Recensement agricole du Finistère : premières tendances

Un élevage hors-sol fortement implanté

Entre 2000 et 2010, le nombre d’exploitations agricoles finistériennes, à dimension professionnelle, diminue de 26 %. Il en reste 6 200 d’une taille économique dite « moyenne » ou « grande », correspondant à un potentiel de production d’au moins 25 000 euros par an. Elles concentrent 95 % de la SAU du département, et chacune d’elles dispose, en moyenne, d’une SAU de 59 ha (31 % de plus qu’en 2000).

La spécialisation la plus répandue dans le Finistère reste la production laitière. L’orientation « bovins lait » regroupe 34 % des exploitations du secteur professionnel, occupe 41 % de la SAU, et mobilise 25 % des UTA. La main-d’oeuvre est essentiellement familiale avec en moyenne 1,8 UTA par exploitation. Ces structures spécialisées ont une SAU moyenne de 72 ha. Elles détiennent 16 % du cheptel régional de vaches laitières. Depuis 10 ans, 26 % des exploitations « bovins lait » ont disparu. Il s’agit d’une baisse moins importante que celle constatée dans les autres départements bretons (- 32 % en moyenne régionale). Les élevages hors-sol sont très fortement implantés dans le Finistère. Ils se caractérisent par des structures de grande taille qui nécessitent une main d’oeuvre importante à forte proportion salariale. Les exploitations porcines représentent 15 % des structures.
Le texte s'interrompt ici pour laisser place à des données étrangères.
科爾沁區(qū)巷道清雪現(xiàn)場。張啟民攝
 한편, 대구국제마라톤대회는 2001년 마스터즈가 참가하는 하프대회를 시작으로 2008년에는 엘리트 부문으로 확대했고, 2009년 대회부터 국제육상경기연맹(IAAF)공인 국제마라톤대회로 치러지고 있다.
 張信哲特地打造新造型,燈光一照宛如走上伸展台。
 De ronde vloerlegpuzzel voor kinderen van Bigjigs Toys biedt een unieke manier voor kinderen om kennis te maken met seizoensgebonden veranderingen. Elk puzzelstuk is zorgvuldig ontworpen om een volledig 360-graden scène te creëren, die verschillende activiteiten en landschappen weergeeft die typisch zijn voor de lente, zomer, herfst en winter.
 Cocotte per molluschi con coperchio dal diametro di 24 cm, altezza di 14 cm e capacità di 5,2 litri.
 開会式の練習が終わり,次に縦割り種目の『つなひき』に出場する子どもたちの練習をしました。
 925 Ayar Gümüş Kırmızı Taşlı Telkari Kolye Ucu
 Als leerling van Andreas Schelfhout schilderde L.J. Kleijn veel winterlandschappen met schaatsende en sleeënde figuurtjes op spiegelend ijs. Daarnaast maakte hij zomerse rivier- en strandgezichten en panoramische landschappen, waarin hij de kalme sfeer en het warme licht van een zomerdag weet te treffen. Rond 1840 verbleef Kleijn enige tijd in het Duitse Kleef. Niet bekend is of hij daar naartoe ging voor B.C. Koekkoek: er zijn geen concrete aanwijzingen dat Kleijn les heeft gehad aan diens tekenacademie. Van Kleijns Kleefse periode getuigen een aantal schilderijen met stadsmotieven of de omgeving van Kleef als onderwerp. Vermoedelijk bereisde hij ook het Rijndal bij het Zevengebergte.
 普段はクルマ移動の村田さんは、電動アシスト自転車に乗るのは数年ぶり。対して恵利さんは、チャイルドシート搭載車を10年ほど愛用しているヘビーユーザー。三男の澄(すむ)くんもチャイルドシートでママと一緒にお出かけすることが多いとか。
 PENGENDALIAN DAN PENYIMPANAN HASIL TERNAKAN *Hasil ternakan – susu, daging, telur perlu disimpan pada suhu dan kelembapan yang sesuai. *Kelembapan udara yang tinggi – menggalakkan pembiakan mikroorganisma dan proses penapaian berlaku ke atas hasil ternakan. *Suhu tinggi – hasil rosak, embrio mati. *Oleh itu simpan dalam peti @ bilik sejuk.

Elles détiennent 27 % des capacités bretonnes utilisées pour l’engraissement des porcs. Ce type de production mobilise davantage de main-d’oeuvre qu’il ya 10 ans. Chaque exploitation utilise en moyenne 2,6 UTA en 2010, contre 2,2 UTA en 2000. Les exploitations avicoles concernent 9 % des structures. Elles concentrent 23 % des surfaces en bâtiments de volailles de chair et 35 % des effectifs de la région. La production avicole nécessite moins de main-d’oeuvre que la production porcine (1,9 UTA par exploitation). Depuis 2000, le département a perdu 20 % des exploitations porcines et davantage d’exploitations avicoles (- 30 %).

Dans le domaine de la production végétale, les principales cultures sont orientées vers l’alimentation animale. Ainsi, lors de la campagne agricole 2009-2010, 57 % de la SAU était occupée par des cultures fourragères ou par des surfaces toujours en herbe et 32 % par des céréales. Alors que le nombre d’exploitations spécialisées en « grandes cultures» s’est maintenu ou a progressé dans les autres départements, il a chuté de 18 % dans le Finistère. Ce secteur regroupe encore en 2010, 14 % des exploitations moyennes ou grandes et 14 % des UTA.

Le Finistère se distingue également par ses productions légumières. Il concentre 43 % des surfaces régionales, réparties entre des cultures sous serres (tomates) et des légumes de pleinchamp. Les exploitations spécialisées en « maraîchage et horticulture » représentent 7 % des structures. Cette activité, exigeante en main-d’oeuvre, utilise en moyenne 7,5 UTA par exploitation.